In this post, I shall talk about MVP and how we do it in my company.
The acronym MVP stands for Minimum Viable Product. It is more like a small working prototype of the proposed solution, by ‘small’ I mean regarding feature set.
The primary purpose of MVP is to validate our idea, however since we only include essential features in it, it also avoids risks like burning money and time. MVP is a great way because we get feedback from our target audience, which helps us to identify if we are on right track.
The story of Zappos.com, a shoe selling e-commerce company is a great inspiration for MVP. When they started, they just had a dummy website with photos taken from other brick and mortar stores around their area, and every time Zappos received an order they used to purchase it from the actual physical store and ship the customer. Slowly, when they observed good interest from people for this online model, they then decided to make it as a real business. The good thing is that they validated their idea without worrying about logistics, inventory, storage space and almost without investing anything other than the time for building a simple website. All this is way back before e-commerce boom.
To be honest, it looks straightforward and the first time it may not seem like any process. But since it’s vital to stay focused and not end up with a lot of resource wastage we do it in a prepared manner.
My founder, while working in Yahoo noticed that they had to rely a lot on in-house developers to get data from one app to another app. Marketing team uses an application like Hubspot for their needs while Sales team use CRM software like Salesforce. However, records should move from marketing funnel to sales funnel to convert a prospect into a customer.
So, the problem is data fragmentation due to different cloud apps and dependency on in-house developers to automate or hire someone for data entry job. The solution is to automate this data movement across different cloud apps.
As mentioned in the beginning, the idea behind MVP is to identify if this problem and solution is a good combo and if so are people are ready to pay money for it.
In the above point, all I wrote can be my founder’s assumptions or only he might have felt that it as a serious problem. So let’s list what all may be reasonable assumptions -
In general, the riskiest assumption will be assuming that my customer has such a problem. If that assumption is wrong, then no one will adopt the product we build, so we first need to attack the riskiest assumption.
In this, we make the statements such that we can take some action from it. So it should answer -
Below is a simple template statement that puts us focused:
We believe subject has a problem because reason. If we action, this metric will improve.
Example: We believe Shopify users who use QuickBooks has trouble maintaining their accounts correctly in QuickBooks because recording each transaction detail in QuickBooks takes 5 minutes and Shopify users are not expert CPAs to handle accounting. If we automate the data flow between Shopify and QuickBooks, this New MRR will improve.
Having criteria is very helpful because so that we product managers don’t get biased to what we believe in irrespective of what our validation metrics on test indicate about our hypothesis. Also, many a times results may be ~50-50, which puts us in a situation to take the tough call whether we are building it or not.
Yes, there will always be people who like what we build and also who doesn’t like.
Formulating criteria can be done in many different ways and below is one simple approach -
Note : The above one is just for an idea and remember that it can be done in many different ways.
Here, metrics like Customer Satisfaction (CSAT) will be known only after step-4 because we are yet to measure the interest from customers in what we are about to build. So we only come up with criteria for now, and cells are populated later.
There are several ways we can test the interest from public in our product:
⚩ Landing Pages: We showcase details about our product and ask for user details to get notified when it’s launched. On the back, we measure traffic and number of signups.

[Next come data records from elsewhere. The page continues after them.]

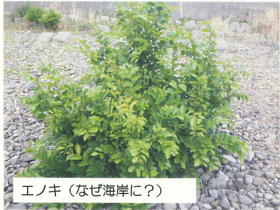
エノキ（なぜ海岸に？）
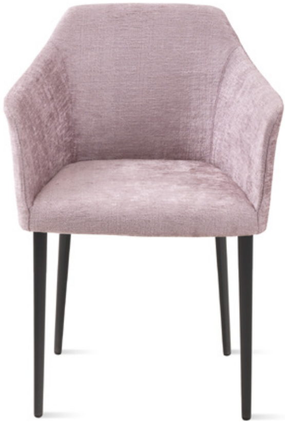
sedia modello Carmen
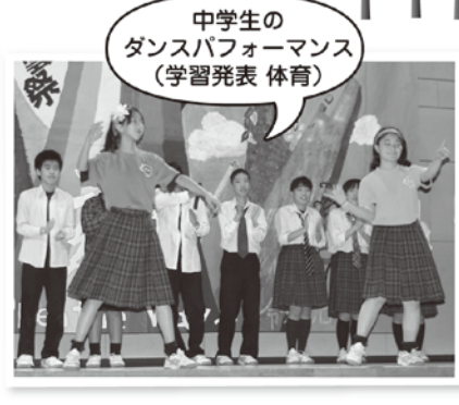
中学生の ダンスパフォーマンス (学習発表 体育)

⚩ Emails: We do research, and somehow get email ids of people who could be our potential customers for a new product. However, if it is a new feature in the existing product, then we segment customers and send them an email about the feature. On the back, we track clicks on the link to that feature in the email.

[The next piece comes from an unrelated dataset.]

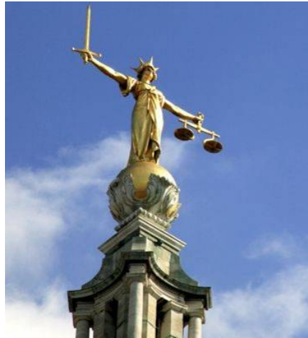
■ 伦敦老贝利大楼屋顶上的正义女神雕像

“独立人民法庭”是在“终止中共移植滥用国际联盟（ETAC）”的倡议下成立的。ETAC 的主席温迪·罗杰斯教授说：“要解决这样大规模的犯罪问题，国际社会需要

⚩ In-app showcase: We show the feature in the app and when they click, show it as ‘coming soon’!
⚩ Talk to early adopters: There are always a set of customers who want to express their problems and open to help us validate our solution. We need to identify them and seek their help.
⚩ Discussion Forums: We can ask thoughts about the product/feature we are planning in online community forums and collect the data. At times, a video is also prepared walking through product features, so the external audience thinks that product is live already, and real users show interest.

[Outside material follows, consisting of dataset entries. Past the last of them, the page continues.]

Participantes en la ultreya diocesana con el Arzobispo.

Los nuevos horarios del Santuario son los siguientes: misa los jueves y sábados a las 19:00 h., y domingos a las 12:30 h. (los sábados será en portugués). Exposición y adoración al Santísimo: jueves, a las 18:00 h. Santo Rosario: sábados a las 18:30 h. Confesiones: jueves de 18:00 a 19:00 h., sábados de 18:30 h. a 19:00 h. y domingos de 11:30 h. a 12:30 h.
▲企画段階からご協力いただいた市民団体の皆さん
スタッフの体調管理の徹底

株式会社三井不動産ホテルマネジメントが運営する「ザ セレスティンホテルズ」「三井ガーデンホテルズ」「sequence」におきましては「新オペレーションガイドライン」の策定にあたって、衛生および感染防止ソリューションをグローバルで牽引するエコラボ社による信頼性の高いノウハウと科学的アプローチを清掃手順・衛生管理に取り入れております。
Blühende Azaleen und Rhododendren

No matter, what strategy we take but we need to measure if this will product/feature be successful and are people out there ready to adopt it.
Say following is what we get in end -
In this case, maybe we have to go ahead with second user-story.
Then on we keep iterating and making improvements.
The challenges here for a product manager would be identifying what is that essential set of features. Of course, we do customer interviews and all, but we never get same from every interviewee even though they all go into the same persona. So decision-making step would be pointing to us. As a product manager, I learned that if there are several options choose the one who needs little effort but creates enough impact, however, most importantly that chosen one should be changeable easily to another choice.